Chaque crise impose des choix ; les arbitrages faits révèlent les logiques profondes à l’œuvre.
« Il n’est pas facile d’avoir 20 ans », avait osé Macron. Non, ce qui est difficile, c’est de subir ce mépris à 20 ans : c’est d’être abandonnés par les pouvoirs publics parce qu’on a 20 ans.
Et maintenant ?
Il n’est pas trop tard pour empêcher la promulgation de la funeste LPR. Les mobilisations restent vives et les cadres de coordinations nationaux efficaces malgré la fermeture des campus. Mi-novembre l’opération Écrans Noirs avait mis à l’arrêt de nombreux cours en ligne. Continuons à nous fédérer, à construire partout des fronts communs pour s’opposer à cette destruction réglée de l’ESR public. Pour cela, il faut reprendre possession de nos campus et nous réunir étudiantEs, enseignantEs et personnels des universités en assemblée générale – dans le respect des gestes qui nous protègent bien sûr – avec la ferme intention de défendre nos libertés et nos droits.
Formons des cortèges ESR dans les manifestations à venir, descendons dans la rue à l’appel de l’intersyndicale le 10 décembre pour la réouverture des universités avec les moyens nécessaires.

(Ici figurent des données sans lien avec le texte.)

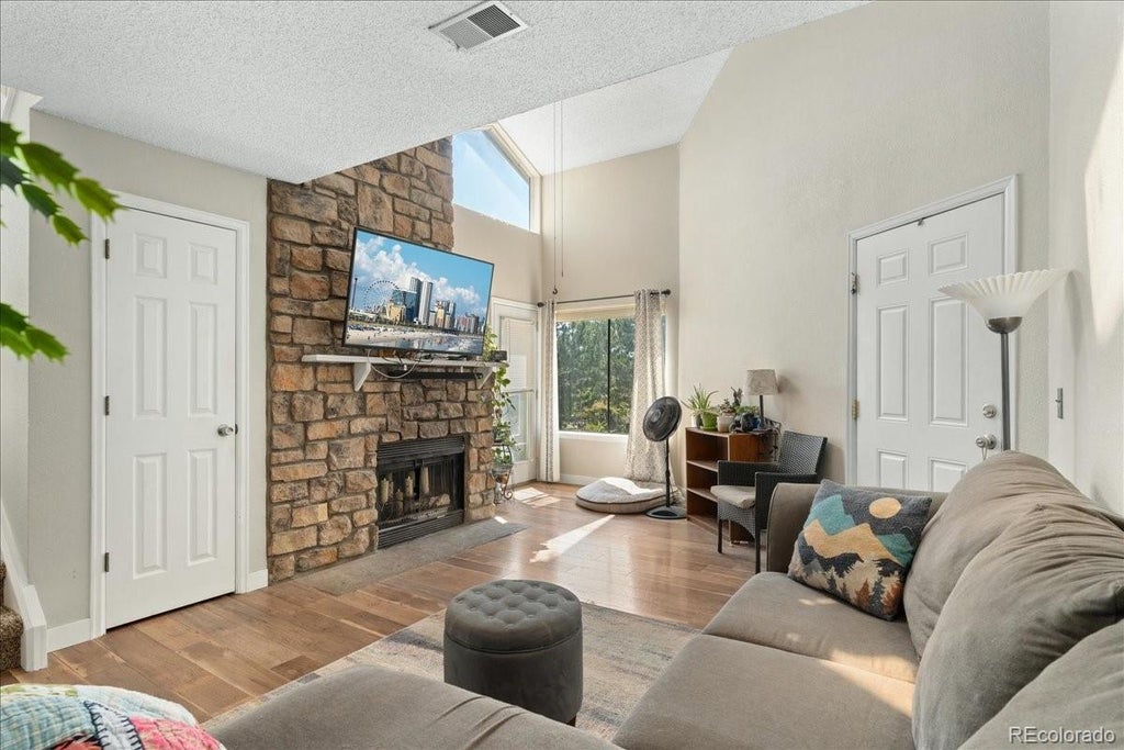 Welcome to Arbor Point! This beautifully maintained corner unit offers an open, light-filled layout that’s perfect for entertaining and truly move-in ready. Soaring vaulted ceilings and expansive south-facing windows flood the space with natural light. The bright white kitchen features stainless steel appliances, a spacious island with room for seating, and a generous dining area that flows seamlessly into the living room with its charming stone fireplace. The primary suite is a private retreat with a spa-like ensuite bath, soaking tub, and its own balcony. A second large loft bedroom and full bath provide flexibility for guests or a home office. Recent updates include brand new James Hardie siding and insulation, new outdoor stairs, a new hot water heater, a brand new main storm door, washer/dryer, garbage disposal, as well as newer laminate wood flooring, and a renovated bath. Ample storage throughout adds even more convenience. Located just minutes from shopping, restaurants, and major highways, this home also offers easy access to Lake Arbor, scenic walking trails, shopping and groceries, quiet neighborhoods, and vibrant community celebrations.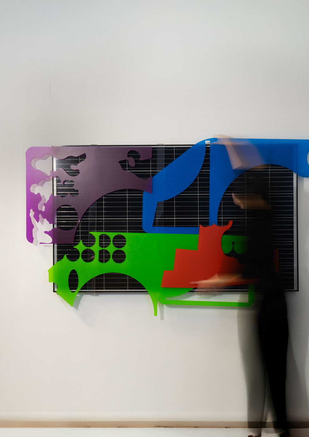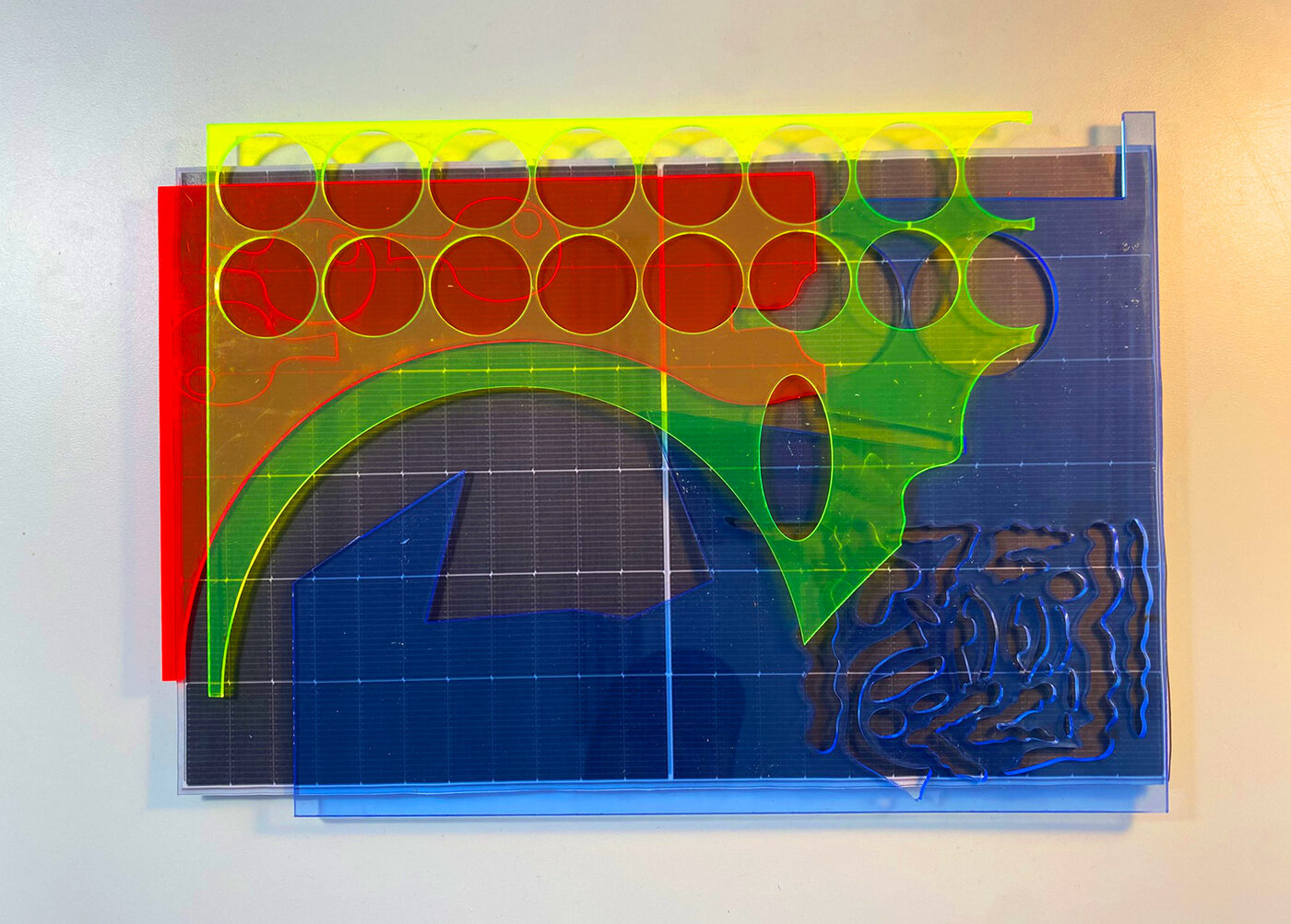 Im Zentrum stehen Solarmodule als funktionales Rückgrat. Davor wird eine vorgehängte Ebene aus recycelten Acrylplatten bzw. -fragmenten angebracht. Diese stammen aus industriellen Restmaterialien wie Verschnitt, Fehlformaten oder Produktionsüberschüssen aus Laserzuschnitt und Werbetechnik. Unterschiedliche Farben, Formen, Größen und Transparenzen bleiben bewusst sichtbar, nichts wird homogenisiert. Was ursprünglich thermisch verwertet wird, wird zum gestaltprägenden Element.

Démontrons l’inanité de leurs fermetures, pour redonner la possibilité aux étudiantEs de sortir de leur détresse, de reprendre le chemin des salles de cours et de leur vie, et pour les personnels administratif, celui des labos et des services.
Exigeons des postes et des moyens, pérennes et conséquents, dans ce contexte d’autant plus essentiel.
Défendons l’indépendance de la recherche académique qui va de pair avec la liberté de se mobiliser, de s’exprimer, de lutter.